--- DATA BELOW ---

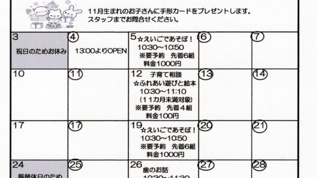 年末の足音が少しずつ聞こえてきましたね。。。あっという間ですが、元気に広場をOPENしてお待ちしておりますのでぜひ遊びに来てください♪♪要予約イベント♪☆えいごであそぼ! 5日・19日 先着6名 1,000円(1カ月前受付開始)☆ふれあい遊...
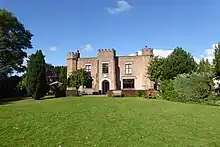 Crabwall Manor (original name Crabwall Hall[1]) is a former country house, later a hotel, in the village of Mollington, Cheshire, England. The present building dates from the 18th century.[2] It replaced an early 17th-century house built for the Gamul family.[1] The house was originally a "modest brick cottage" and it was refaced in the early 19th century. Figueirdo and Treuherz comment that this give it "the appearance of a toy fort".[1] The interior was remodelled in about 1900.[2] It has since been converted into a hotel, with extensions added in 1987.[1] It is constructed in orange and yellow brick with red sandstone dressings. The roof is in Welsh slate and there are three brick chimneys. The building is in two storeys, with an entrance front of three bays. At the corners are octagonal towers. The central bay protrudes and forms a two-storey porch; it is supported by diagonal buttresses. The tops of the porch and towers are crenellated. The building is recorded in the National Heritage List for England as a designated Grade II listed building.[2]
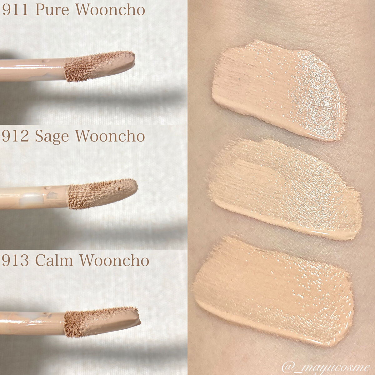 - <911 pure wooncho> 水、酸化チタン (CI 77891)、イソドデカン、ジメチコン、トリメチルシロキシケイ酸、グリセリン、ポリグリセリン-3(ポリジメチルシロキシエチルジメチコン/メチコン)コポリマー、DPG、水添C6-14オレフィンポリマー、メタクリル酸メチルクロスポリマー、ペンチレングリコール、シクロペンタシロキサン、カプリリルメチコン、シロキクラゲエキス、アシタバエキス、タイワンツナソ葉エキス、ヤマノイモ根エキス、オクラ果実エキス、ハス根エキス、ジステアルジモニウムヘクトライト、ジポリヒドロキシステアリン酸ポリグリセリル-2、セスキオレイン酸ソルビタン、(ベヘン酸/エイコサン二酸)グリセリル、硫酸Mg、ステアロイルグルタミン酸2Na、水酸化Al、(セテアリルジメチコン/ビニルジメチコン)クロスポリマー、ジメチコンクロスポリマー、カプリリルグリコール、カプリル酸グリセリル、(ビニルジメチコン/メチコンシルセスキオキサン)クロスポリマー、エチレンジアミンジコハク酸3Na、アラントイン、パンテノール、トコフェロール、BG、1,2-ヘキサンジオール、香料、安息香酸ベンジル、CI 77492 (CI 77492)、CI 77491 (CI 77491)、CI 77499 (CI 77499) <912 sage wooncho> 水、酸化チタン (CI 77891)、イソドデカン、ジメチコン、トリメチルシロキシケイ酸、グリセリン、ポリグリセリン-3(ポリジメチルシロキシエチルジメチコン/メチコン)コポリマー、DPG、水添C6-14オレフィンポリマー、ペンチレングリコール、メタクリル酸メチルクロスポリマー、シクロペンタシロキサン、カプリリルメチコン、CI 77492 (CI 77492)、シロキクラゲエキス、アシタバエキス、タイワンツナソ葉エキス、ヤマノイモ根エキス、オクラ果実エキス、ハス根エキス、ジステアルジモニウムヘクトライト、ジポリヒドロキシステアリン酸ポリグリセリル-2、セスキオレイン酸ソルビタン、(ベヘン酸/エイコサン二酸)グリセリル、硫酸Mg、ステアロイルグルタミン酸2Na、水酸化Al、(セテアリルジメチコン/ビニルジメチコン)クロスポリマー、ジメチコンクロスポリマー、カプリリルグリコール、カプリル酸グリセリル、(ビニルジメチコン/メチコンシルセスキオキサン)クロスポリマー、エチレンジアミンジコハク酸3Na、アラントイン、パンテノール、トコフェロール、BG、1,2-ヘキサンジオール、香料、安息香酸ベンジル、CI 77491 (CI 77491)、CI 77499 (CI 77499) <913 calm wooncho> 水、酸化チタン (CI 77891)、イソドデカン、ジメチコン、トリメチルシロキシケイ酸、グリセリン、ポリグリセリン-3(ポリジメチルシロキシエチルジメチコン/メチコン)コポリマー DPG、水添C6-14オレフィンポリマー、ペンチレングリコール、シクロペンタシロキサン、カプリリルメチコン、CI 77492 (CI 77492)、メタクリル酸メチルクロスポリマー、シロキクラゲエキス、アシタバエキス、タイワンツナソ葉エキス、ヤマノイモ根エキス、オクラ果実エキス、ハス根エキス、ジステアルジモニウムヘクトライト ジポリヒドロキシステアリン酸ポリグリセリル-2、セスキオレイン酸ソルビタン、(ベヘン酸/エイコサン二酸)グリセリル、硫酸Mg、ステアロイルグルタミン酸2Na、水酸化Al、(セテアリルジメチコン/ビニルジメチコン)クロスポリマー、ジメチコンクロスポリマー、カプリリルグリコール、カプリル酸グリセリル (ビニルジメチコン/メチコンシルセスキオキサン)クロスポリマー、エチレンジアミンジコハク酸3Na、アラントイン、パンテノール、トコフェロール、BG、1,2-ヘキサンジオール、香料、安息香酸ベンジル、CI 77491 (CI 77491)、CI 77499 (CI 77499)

--- INSTRUCTIONS FOR THE TASK ---
When you reproduce the data shown above, keep each line exact and omit every picture.

--- EXERCISE OUTPUT ---
 年末の足音が少しずつ聞こえてきましたね。。。あっという間ですが、元気に広場をOPENしてお待ちしておりますのでぜひ遊びに来てください♪♪要予約イベント♪☆えいごであそぼ! 5日・19日 先着6名 1,000円(1カ月前受付開始)☆ふれあい遊...
 Crabwall Manor (original name Crabwall Hall[1]) is a former country house, later a hotel, in the village of Mollington, Cheshire, England. The present building dates from the 18th century.[2] It replaced an early 17th-century house built for the Gamul family.[1] The house was originally a "modest brick cottage" and it was refaced in the early 19th century. Figueirdo and Treuherz comment that this give it "the appearance of a toy fort".[1] The interior was remodelled in about 1900.[2] It has since been converted into a hotel, with extensions added in 1987.[1] It is constructed in orange and yellow brick with red sandstone dressings. The roof is in Welsh slate and there are three brick chimneys. The building is in two storeys, with an entrance front of three bays. At the corners are octagonal towers. The central bay protrudes and forms a two-storey porch; it is supported by diagonal buttresses. The tops of the porch and towers are crenellated. The building is recorded in the National Heritage List for England as a designated Grade II listed building.[2]
 - <911 pure wooncho> 水、酸化チタン (CI 77891)、イソドデカン、ジメチコン、トリメチルシロキシケイ酸、グリセリン、ポリグリセリン-3(ポリジメチルシロキシエチルジメチコン/メチコン)コポリマー、DPG、水添C6-14オレフィンポリマー、メタクリル酸メチルクロスポリマー、ペンチレングリコール、シクロペンタシロキサン、カプリリルメチコン、シロキクラゲエキス、アシタバエキス、タイワンツナソ葉エキス、ヤマノイモ根エキス、オクラ果実エキス、ハス根エキス、ジステアルジモニウムヘクトライト、ジポリヒドロキシステアリン酸ポリグリセリル-2、セスキオレイン酸ソルビタン、(ベヘン酸/エイコサン二酸)グリセリル、硫酸Mg、ステアロイルグルタミン酸2Na、水酸化Al、(セテアリルジメチコン/ビニルジメチコン)クロスポリマー、ジメチコンクロスポリマー、カプリリルグリコール、カプリル酸グリセリル、(ビニルジメチコン/メチコンシルセスキオキサン)クロスポリマー、エチレンジアミンジコハク酸3Na、アラントイン、パンテノール、トコフェロール、BG、1,2-ヘキサンジオール、香料、安息香酸ベンジル、CI 77492 (CI 77492)、CI 77491 (CI 77491)、CI 77499 (CI 77499) <912 sage wooncho> 水、酸化チタン (CI 77891)、イソドデカン、ジメチコン、トリメチルシロキシケイ酸、グリセリン、ポリグリセリン-3(ポリジメチルシロキシエチルジメチコン/メチコン)コポリマー、DPG、水添C6-14オレフィンポリマー、ペンチレングリコール、メタクリル酸メチルクロスポリマー、シクロペンタシロキサン、カプリリルメチコン、CI 77492 (CI 77492)、シロキクラゲエキス、アシタバエキス、タイワンツナソ葉エキス、ヤマノイモ根エキス、オクラ果実エキス、ハス根エキス、ジステアルジモニウムヘクトライト、ジポリヒドロキシステアリン酸ポリグリセリル-2、セスキオレイン酸ソルビタン、(ベヘン酸/エイコサン二酸)グリセリル、硫酸Mg、ステアロイルグルタミン酸2Na、水酸化Al、(セテアリルジメチコン/ビニルジメチコン)クロスポリマー、ジメチコンクロスポリマー、カプリリルグリコール、カプリル酸グリセリル、(ビニルジメチコン/メチコンシルセスキオキサン)クロスポリマー、エチレンジアミンジコハク酸3Na、アラントイン、パンテノール、トコフェロール、BG、1,2-ヘキサンジオール、香料、安息香酸ベンジル、CI 77491 (CI 77491)、CI 77499 (CI 77499) <913 calm wooncho> 水、酸化チタン (CI 77891)、イソドデカン、ジメチコン、トリメチルシロキシケイ酸、グリセリン、ポリグリセリン-3(ポリジメチルシロキシエチルジメチコン/メチコン)コポリマー DPG、水添C6-14オレフィンポリマー、ペンチレングリコール、シクロペンタシロキサン、カプリリルメチコン、CI 77492 (CI 77492)、メタクリル酸メチルクロスポリマー、シロキクラゲエキス、アシタバエキス、タイワンツナソ葉エキス、ヤマノイモ根エキス、オクラ果実エキス、ハス根エキス、ジステアルジモニウムヘクトライト ジポリヒドロキシステアリン酸ポリグリセリル-2、セスキオレイン酸ソルビタン、(ベヘン酸/エイコサン二酸)グリセリル、硫酸Mg、ステアロイルグルタミン酸2Na、水酸化Al、(セテアリルジメチコン/ビニルジメチコン)クロスポリマー、ジメチコンクロスポリマー、カプリリルグリコール、カプリル酸グリセリル (ビニルジメチコン/メチコンシルセスキオキサン)クロスポリマー、エチレンジアミンジコハク酸3Na、アラントイン、パンテノール、トコフェロール、BG、1,2-ヘキサンジオール、香料、安息香酸ベンジル、CI 77491 (CI 77491)、CI 77499 (CI 77499)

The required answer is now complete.